Data excerpts:
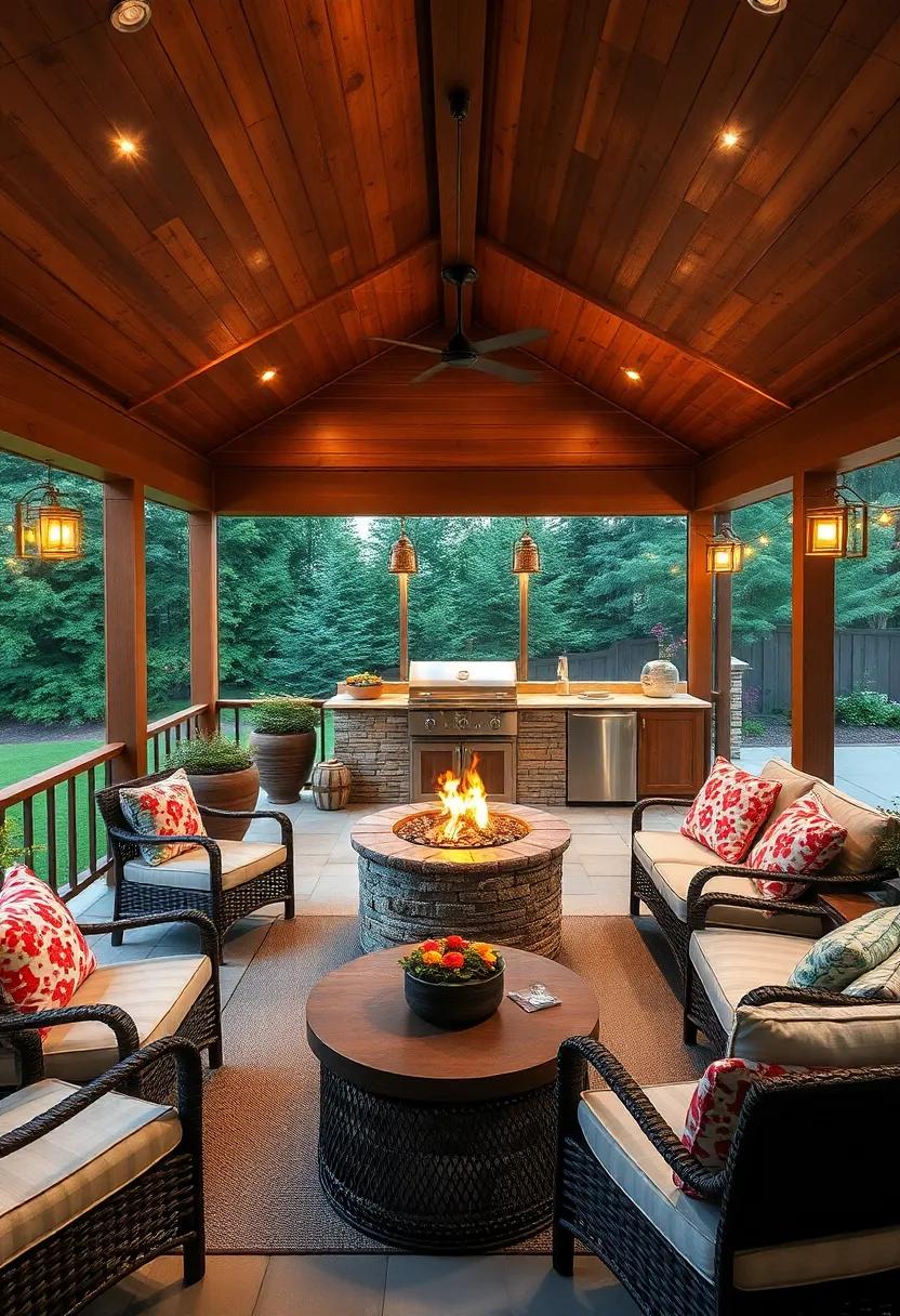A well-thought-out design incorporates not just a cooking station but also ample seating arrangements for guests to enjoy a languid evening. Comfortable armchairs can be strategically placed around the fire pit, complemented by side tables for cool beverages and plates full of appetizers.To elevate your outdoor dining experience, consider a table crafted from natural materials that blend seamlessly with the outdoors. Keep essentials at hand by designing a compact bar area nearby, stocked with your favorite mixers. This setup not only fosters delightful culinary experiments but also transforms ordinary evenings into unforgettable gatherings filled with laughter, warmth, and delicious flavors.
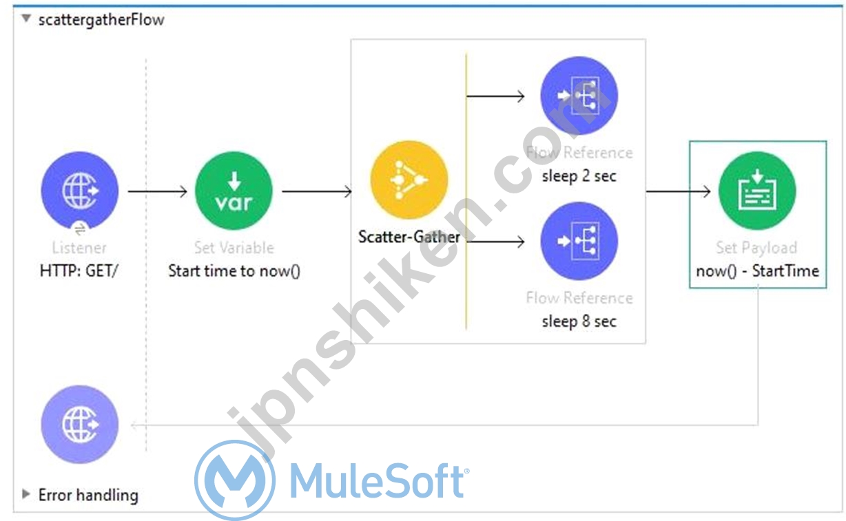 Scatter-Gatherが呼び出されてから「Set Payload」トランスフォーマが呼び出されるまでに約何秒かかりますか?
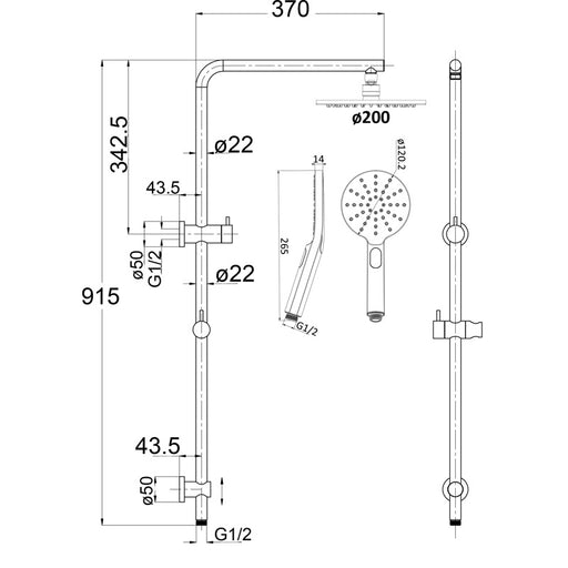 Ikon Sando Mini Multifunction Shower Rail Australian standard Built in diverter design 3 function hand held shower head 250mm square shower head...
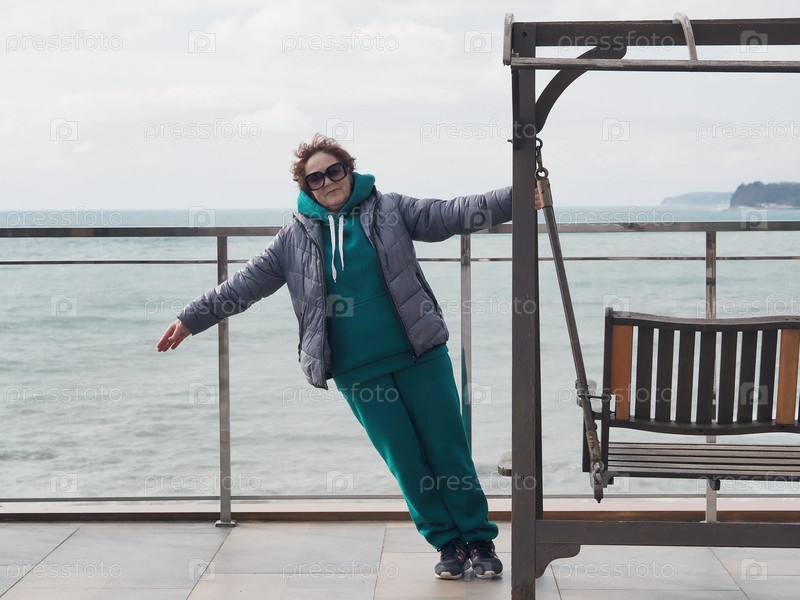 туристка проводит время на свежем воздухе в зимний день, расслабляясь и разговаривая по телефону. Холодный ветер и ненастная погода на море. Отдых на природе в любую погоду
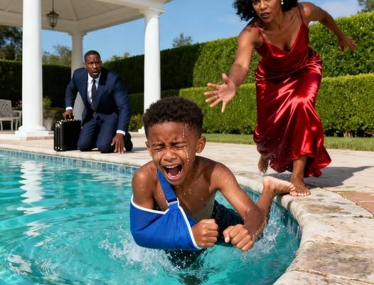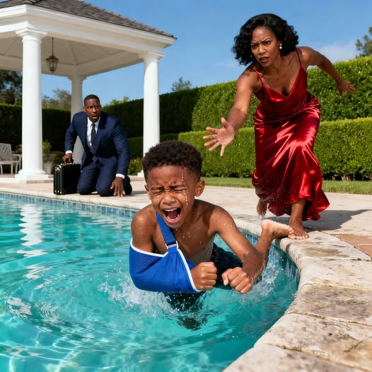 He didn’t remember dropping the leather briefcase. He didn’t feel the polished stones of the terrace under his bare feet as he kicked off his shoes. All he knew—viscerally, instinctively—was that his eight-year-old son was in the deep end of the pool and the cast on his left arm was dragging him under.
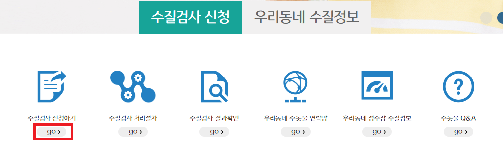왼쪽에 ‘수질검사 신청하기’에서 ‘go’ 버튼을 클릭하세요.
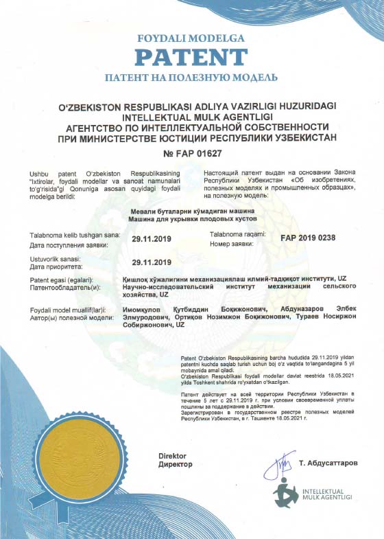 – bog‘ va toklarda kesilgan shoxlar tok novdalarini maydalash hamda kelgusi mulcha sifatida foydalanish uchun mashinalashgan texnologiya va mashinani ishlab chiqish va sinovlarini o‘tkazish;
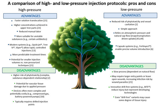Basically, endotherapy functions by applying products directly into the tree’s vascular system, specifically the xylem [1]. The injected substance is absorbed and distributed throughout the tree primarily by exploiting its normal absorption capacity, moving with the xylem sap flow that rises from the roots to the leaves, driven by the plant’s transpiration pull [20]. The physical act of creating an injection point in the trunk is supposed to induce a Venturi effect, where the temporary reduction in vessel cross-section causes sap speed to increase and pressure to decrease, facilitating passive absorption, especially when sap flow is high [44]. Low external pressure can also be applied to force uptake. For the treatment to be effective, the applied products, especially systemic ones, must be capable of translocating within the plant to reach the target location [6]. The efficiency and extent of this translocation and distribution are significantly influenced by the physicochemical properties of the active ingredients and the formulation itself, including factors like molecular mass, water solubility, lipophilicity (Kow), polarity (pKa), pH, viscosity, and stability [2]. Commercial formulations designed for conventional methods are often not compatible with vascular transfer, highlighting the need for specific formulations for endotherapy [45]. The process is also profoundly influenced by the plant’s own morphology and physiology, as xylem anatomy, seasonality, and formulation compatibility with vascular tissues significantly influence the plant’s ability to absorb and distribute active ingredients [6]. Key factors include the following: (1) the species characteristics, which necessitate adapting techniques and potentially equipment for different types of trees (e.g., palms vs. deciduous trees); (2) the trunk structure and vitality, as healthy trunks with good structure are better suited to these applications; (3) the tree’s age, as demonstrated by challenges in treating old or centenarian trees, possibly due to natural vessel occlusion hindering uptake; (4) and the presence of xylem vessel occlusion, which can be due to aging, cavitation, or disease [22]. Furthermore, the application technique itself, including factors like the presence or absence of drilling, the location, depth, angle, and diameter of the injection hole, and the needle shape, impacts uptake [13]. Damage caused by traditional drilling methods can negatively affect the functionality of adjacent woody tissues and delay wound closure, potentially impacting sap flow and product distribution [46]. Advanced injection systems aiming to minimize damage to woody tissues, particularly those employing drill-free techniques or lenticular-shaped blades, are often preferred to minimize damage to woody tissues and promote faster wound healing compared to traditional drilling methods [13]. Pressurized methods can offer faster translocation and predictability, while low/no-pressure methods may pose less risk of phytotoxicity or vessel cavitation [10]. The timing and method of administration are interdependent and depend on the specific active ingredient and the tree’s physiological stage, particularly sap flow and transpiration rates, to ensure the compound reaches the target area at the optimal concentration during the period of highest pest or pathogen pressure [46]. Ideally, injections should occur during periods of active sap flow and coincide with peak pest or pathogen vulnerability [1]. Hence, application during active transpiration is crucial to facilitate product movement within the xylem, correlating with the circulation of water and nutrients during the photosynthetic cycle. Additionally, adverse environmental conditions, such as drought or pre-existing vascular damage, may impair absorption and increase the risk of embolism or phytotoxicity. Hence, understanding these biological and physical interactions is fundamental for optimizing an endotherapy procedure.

» **What you will do**: None of the pictures should be carried over when the data above is transcribed exactly.

» **Exercise output**:
A well-thought-out design incorporates not just a cooking station but also ample seating arrangements for guests to enjoy a languid evening. Comfortable armchairs can be strategically placed around the fire pit, complemented by side tables for cool beverages and plates full of appetizers.To elevate your outdoor dining experience, consider a table crafted from natural materials that blend seamlessly with the outdoors. Keep essentials at hand by designing a compact bar area nearby, stocked with your favorite mixers. This setup not only fosters delightful culinary experiments but also transforms ordinary evenings into unforgettable gatherings filled with laughter, warmth, and delicious flavors.
 Scatter-Gatherが呼び出されてから「Set Payload」トランスフォーマが呼び出されるまでに約何秒かかりますか?
 Ikon Sando Mini Multifunction Shower Rail Australian standard Built in diverter design 3 function hand held shower head 250mm square shower head...
 туристка проводит время на свежем воздухе в зимний день, расслабляясь и разговаривая по телефону. Холодный ветер и ненастная погода на море. Отдых на природе в любую погоду
 He didn’t remember dropping the leather briefcase. He didn’t feel the polished stones of the terrace under his bare feet as he kicked off his shoes. All he knew—viscerally, instinctively—was that his eight-year-old son was in the deep end of the pool and the cast on his left arm was dragging him under.
왼쪽에 ‘수질검사 신청하기’에서 ‘go’ 버튼을 클릭하세요.
 – bog‘ va toklarda kesilgan shoxlar tok novdalarini maydalash hamda kelgusi mulcha sifatida foydalanish uchun mashinalashgan texnologiya va mashinani ishlab chiqish va sinovlarini o‘tkazish;
Basically, endotherapy functions by applying products directly into the tree’s vascular system, specifically the xylem [1]. The injected substance is absorbed and distributed throughout the tree primarily by exploiting its normal absorption capacity, moving with the xylem sap flow that rises from the roots to the leaves, driven by the plant’s transpiration pull [20]. The physical act of creating an injection point in the trunk is supposed to induce a Venturi effect, where the temporary reduction in vessel cross-section causes sap speed to increase and pressure to decrease, facilitating passive absorption, especially when sap flow is high [44]. Low external pressure can also be applied to force uptake. For the treatment to be effective, the applied products, especially systemic ones, must be capable of translocating within the plant to reach the target location [6]. The efficiency and extent of this translocation and distribution are significantly influenced by the physicochemical properties of the active ingredients and the formulation itself, including factors like molecular mass, water solubility, lipophilicity (Kow), polarity (pKa), pH, viscosity, and stability [2]. Commercial formulations designed for conventional methods are often not compatible with vascular transfer, highlighting the need for specific formulations for endotherapy [45]. The process is also profoundly influenced by the plant’s own morphology and physiology, as xylem anatomy, seasonality, and formulation compatibility with vascular tissues significantly influence the plant’s ability to absorb and distribute active ingredients [6]. Key factors include the following: (1) the species characteristics, which necessitate adapting techniques and potentially equipment for different types of trees (e.g., palms vs. deciduous trees); (2) the trunk structure and vitality, as healthy trunks with good structure are better suited to these applications; (3) the tree’s age, as demonstrated by challenges in treating old or centenarian trees, possibly due to natural vessel occlusion hindering uptake; (4) and the presence of xylem vessel occlusion, which can be due to aging, cavitation, or disease [22]. Furthermore, the application technique itself, including factors like the presence or absence of drilling, the location, depth, angle, and diameter of the injection hole, and the needle shape, impacts uptake [13]. Damage caused by traditional drilling methods can negatively affect the functionality of adjacent woody tissues and delay wound closure, potentially impacting sap flow and product distribution [46]. Advanced injection systems aiming to minimize damage to woody tissues, particularly those employing drill-free techniques or lenticular-shaped blades, are often preferred to minimize damage to woody tissues and promote faster wound healing compared to traditional drilling methods [13]. Pressurized methods can offer faster translocation and predictability, while low/no-pressure methods may pose less risk of phytotoxicity or vessel cavitation [10]. The timing and method of administration are interdependent and depend on the specific active ingredient and the tree’s physiological stage, particularly sap flow and transpiration rates, to ensure the compound reaches the target area at the optimal concentration during the period of highest pest or pathogen pressure [46]. Ideally, injections should occur during periods of active sap flow and coincide with peak pest or pathogen vulnerability [1]. Hence, application during active transpiration is crucial to facilitate product movement within the xylem, correlating with the circulation of water and nutrients during the photosynthetic cycle. Additionally, adverse environmental conditions, such as drought or pre-existing vascular damage, may impair absorption and increase the risk of embolism or phytotoxicity. Hence, understanding these biological and physical interactions is fundamental for optimizing an endotherapy procedure.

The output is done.